Example of Latency for Storage

Lets walk through an example of this. Let’s say I can transmit and receive at 3 Mb a Second and I need to transmit 180Mb of data (including protocols). How far apart do the two satellites need to be? First we need to see how long we will transmit for. That works out to 60 seconds (180/3). We know that light travels at 299,792.458 km/s. We multiply by 60 and find that the distance is ‭17,987,547.48‬ km or one light minute (the distance light travels in one minute in a vacuum). We then need to divide that by two since it will be 30 seconds out and 30 seconds back. So our satellites would at a minimum need to be ‭8,993,773.74‬ km apart.

In the above scenario it would take 1 minute to get the data back once it was put in the loop. Why? Because we are using latency (and space/time) as the storage medium. Space time becomes a tape cartridge and our satellites the read heads. We can only read the data when it comes around to a read head. In this case the one closest to Earth otherwise we have to wait for the data.

Adding Data to the Stream

Now what if we want to continue adding data to this stream, how is that done? We can accomplish this by moving the satellites further apart. So lets say we wanted to add an additional 180Mb of data to the stream in the above example. How far do we need to move the satellites apart? That’s fairly simple we just need to double their distance.

The how fast we double their distance is the hard part. Since our satellite can’t reach the speed of light the amount of data we can add to the stream is dependent on how fast the satellite is moving away from the other satellite. This can be figured out…

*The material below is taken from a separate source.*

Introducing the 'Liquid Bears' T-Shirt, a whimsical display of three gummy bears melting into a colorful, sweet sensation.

Let’s assume our satellite is moving at 692,017.92 km/h (430,000 MPH). Which will be the speed of the Parker Solar Probe later in its journey, “making it the fastest human-made object relative to the sun” (Parker 2018). That means, if our satellite were to travel at the same speed it would be going ‭11,533.632‬ km/m. Know that we can figure out how fast we can add data to our latency based storage.

To figure this out we will restate our original equation as the distance (11,533.632 km/m) times 2. We then divide by the speed of light (‭17,987,547.48‬ km/m). That will provide us with the time. Or about an additional 0.00128240 minutes (‭0.0769441 seconds) of transmission time per minute. This of course assume that the speed is constant.

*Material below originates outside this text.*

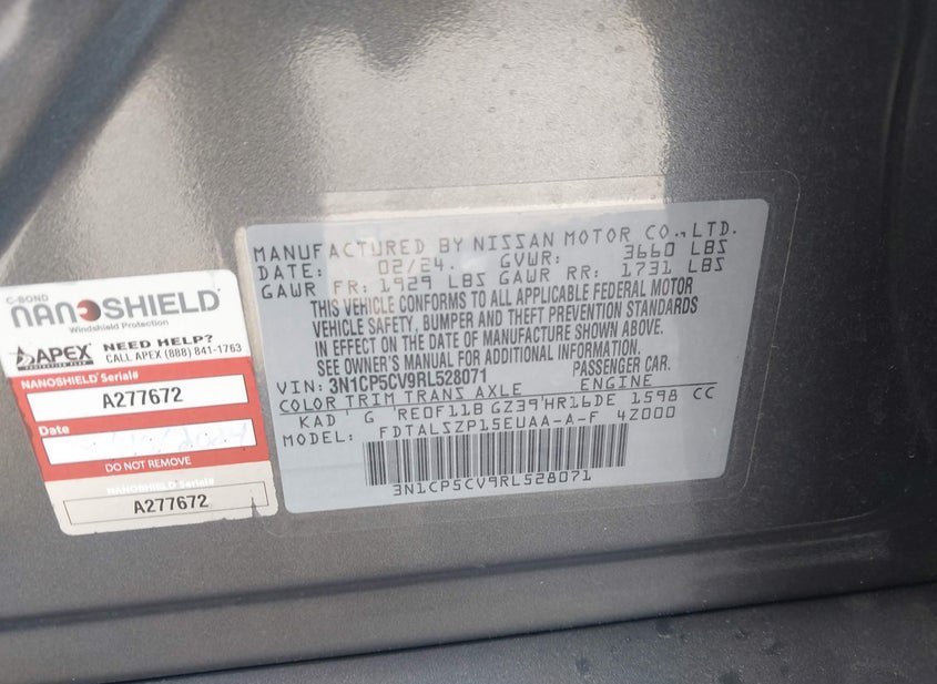 - VIN: 3N1CP5CV9RL528071

Formula for transit time of data over a given distance at the speed of light.

Knowing that and that we can transmit at 3 Mbps, we could add about 0.230832331 Mb to the stream every second (‭0.0769441 * 3 = 0.230832331).

There are obviously faster long term storage methods than this. It’s still a very interesting way to use time and space to retain data for extended periods of time.

Limitations

There are obvious limitations to this that should be called out here.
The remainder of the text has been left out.